How do you solve the equation $4{{\left( x+1 \right)}^{2}}=64$ .

Answer 1

Hint: Now consider the given equation. First we will divide the whole equation by 4. Now we will further take square root on both sides and simplify the equation. Now on simplification we will have two linear equations in one variable. We will solve linear equations to get the solution to the equation.

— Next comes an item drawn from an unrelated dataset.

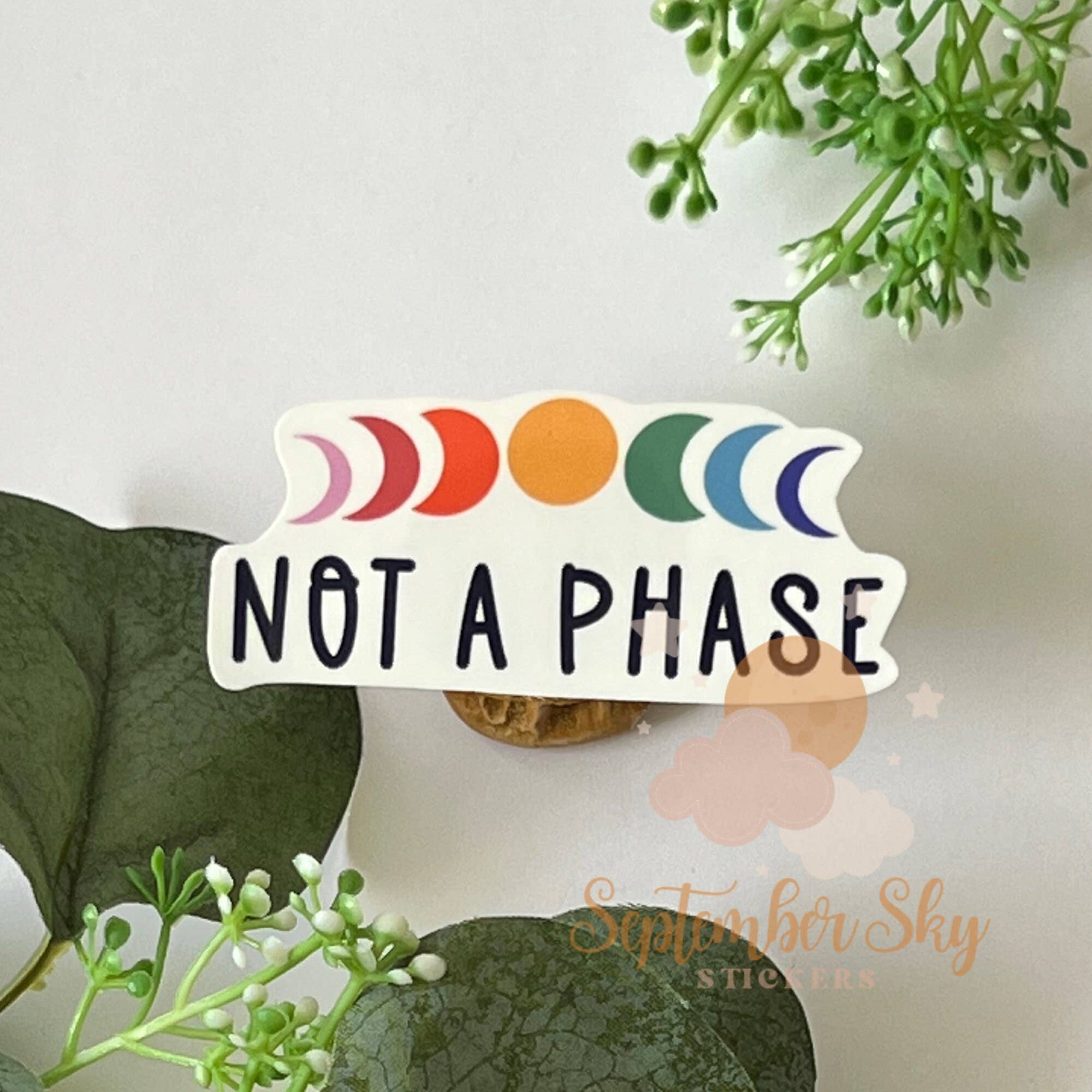 'It's just a phase' vinyl sticker by Turtle's Soup. 🐢 Most stickers are approximately 6 inches by 2 inches. 🐢 Our Turtley Awesome vinyl stickers are made from the highest quality ingredients on the market! Printed on thick, ultra-durable vinyl, these stickers are made to last. They're UV-coated, making them waterproof, weatherproof, and dishwasher safe! 🐢 Save the planet, pass on the packaging. All of our stickers are packed loose, meaning no plastic, no paper, just product! We can offer it upon request with an added environmental surcharge if you require packaging. 🐢 We offer retail displays in a variety of sizes. Ask about our 12 or 24-pocket countertop displays. Have a slat wall? We also offer a 30-pocket wall unit. 🐢 We always include hand-picked samples to fit your boutique with every order. Interested in trying out a specific SKU in your shop? Let us know, and we'd be happy to include some freebies. 🐢 Copyright © 2022 Turtle's Soup. All Rights Reserved.

Complete step by step solution:
Now first consider the given equation $4{{\left( x+1 \right)}^{2}}=64$ .
Now to solve the equation we will first separate the square term. Hence we will divide the equation by 4. On dividing we get,
$\begin{align}
  & \Rightarrow {{\left( x+1 \right)}^{2}}=\dfrac{64}{4} \\
 & \Rightarrow {{\left( x+1 \right)}^{2}}=16 \\
\end{align}$
Now since we have square on one side we will simplify using square root. Hence taking square root on both sides we get,
$\begin{align}
  & \Rightarrow \left( x+1 \right)=\pm \sqrt{16} \\
 & \Rightarrow \left( x+1 \right)=\pm 4 \\
\end{align}$
Hence we have x + 1 = 4 or x + 1 = - 4.
Now we have two linear equations in one variable. We will solve these equations to find the value of x.
First consider the equation x + 1 = 4.
Now taking 1 on RHS we get, x = 4 – 1.
Hence x = 3.
Now consider the equation x + 1 = - 4.
Hence taking 1 on RHS we get x = - 4 - 1.
Hence x = - 5.
Hence the solution of the given equation is x = 3 or x = -5.

Note:
Now note that since we have square the equation formed will be quadratic. We can also open the square by the formula ${{\left( a+b \right)}^{2}}={{a}^{2}}+2ab+{{b}^{2}}$ . Now we write the expression in the form of $a{{x}^{2}}+bx+c=0$ and we know that the roots of this quadratic equation is given by the formula $\dfrac{-b\pm \sqrt{{{b}^{2}}-4ac}}{2a}$ . hence we have the solution of the given equation.